# Sun Direct HD or Airtel HD?



## sarincv (Feb 14, 2011)

Hi everyone,

first of all is it worth to take an HD Set top box at this time as only few channels are availbale?

I was going thorugh websites of tata sky, dish tv, sun, Big TV and airtel. Tata sky does not provide HD services at present in my place, Kerala. Dish TV provides HD only if we subscribe to their platinum packs(~ Rs. 325). Big TV does not provide some regional channels. So removed these 3 from my list. 

Sun Provides Movies Now in addition to DD, NG ,Discovery and  some regional HD channels. 

ESPN and Star will be broadcasting in Full HD during this world cup and many other upcoming events and this is the primary reason I'm planning to take HD. But both Airtel and Sun has no plans to give these channels in HD as per the customer care people. Any idea about this?


----------



## gagan007 (Feb 14, 2011)

I think in Bangalore Airtel is broadcasting WC on ESPN and Star in HD too. Between Sun Direct and Airtel, you should choose the one which gives you more channels of your choice. Airtel may not have packages which suit your taste as Sun is more inclined towards catering South Indian viewers.
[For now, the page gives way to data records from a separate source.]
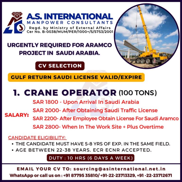 URGENTLY REQUIRED FOR ARAMCOPROJECT IN SAUDI ARABIA.CV SELECTIONGULF RETURN SAUDI LICENSE VALID/EXPIRE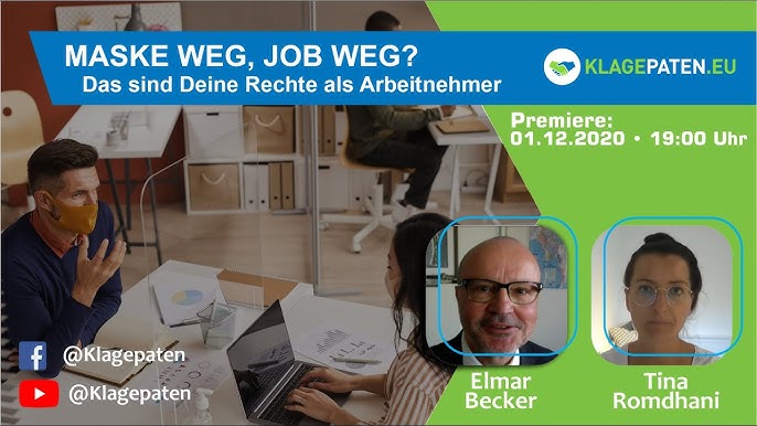 Bild: SS Video: "đź”´ Klagepaten TV #17 - Maske weg, Job weg? Rechte als Arbeitnehmer - mit Tina Romdhani & Elmar Becker" (https://youtu.be/2eNfx6tXA4M) / Eigenes Werk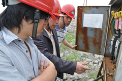 图为,4月28日,检查组在台州泰露纳有限公司工地检查安全用电。。(杨台彪)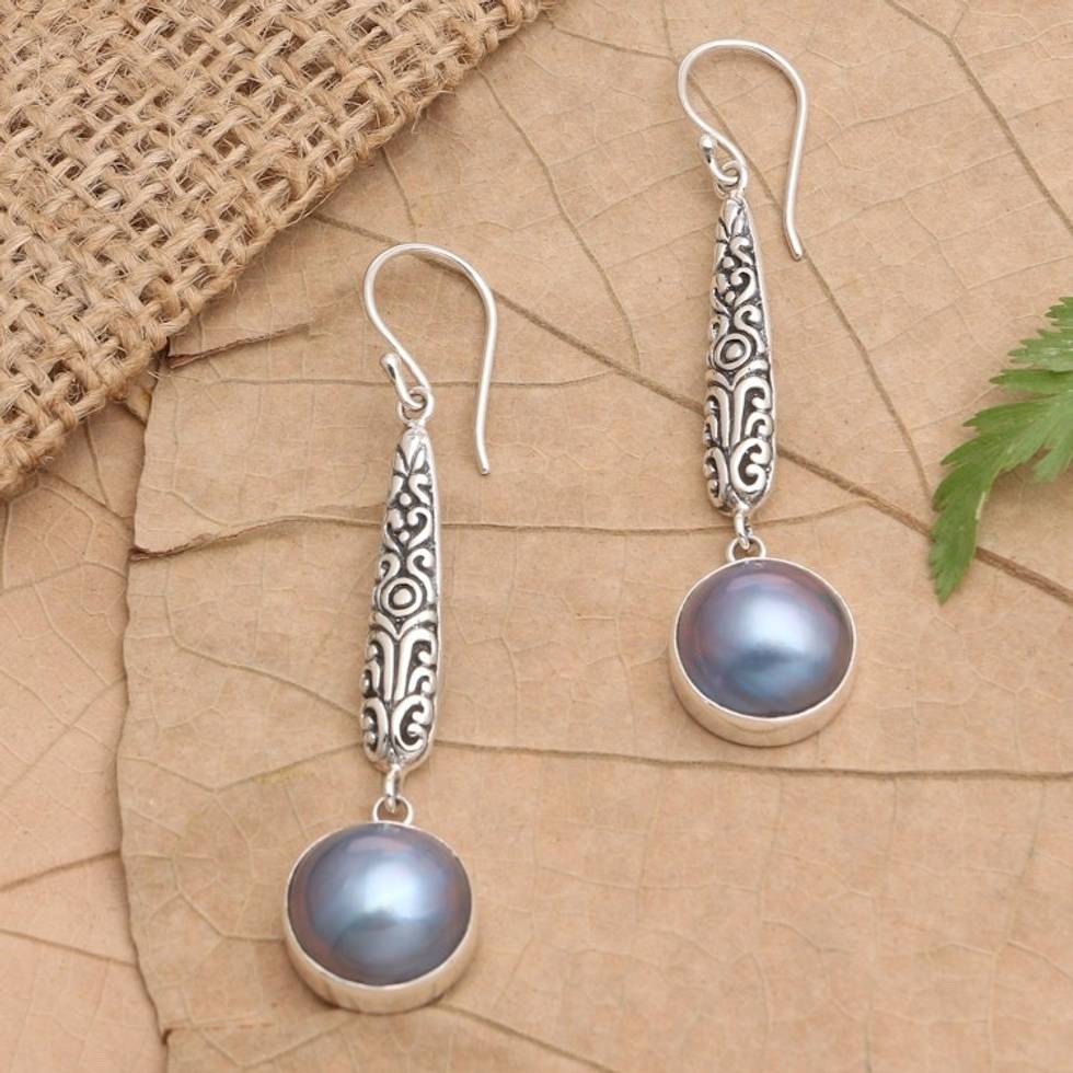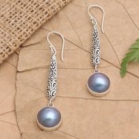 Blue Cultured Mabe Pearl Earrings 'Balinese Vision' Item ID: 2669923312

BTW I have no idea about Sun Direct's HD service...


----------



## sarincv (Feb 16, 2011)

But I got a reply from Airtel customer care that they won't be broadcasting ESPN/Star in HD during worldcup.

Package wise Airtel is better. It has all south channels too at reasonable price. But it's not offering HD channels except National Geographic where as Sun has Movies now, NG, Discovery, Doordarshan and 4 Tamil/Telugu channels....


----------



## kamal_saran (Mar 19, 2011)

no, bro airtel is offering some new hd channels. I have airtel dish at home. And yesterday they add some new hd channels, they are discovery world, movies now, espn,


----------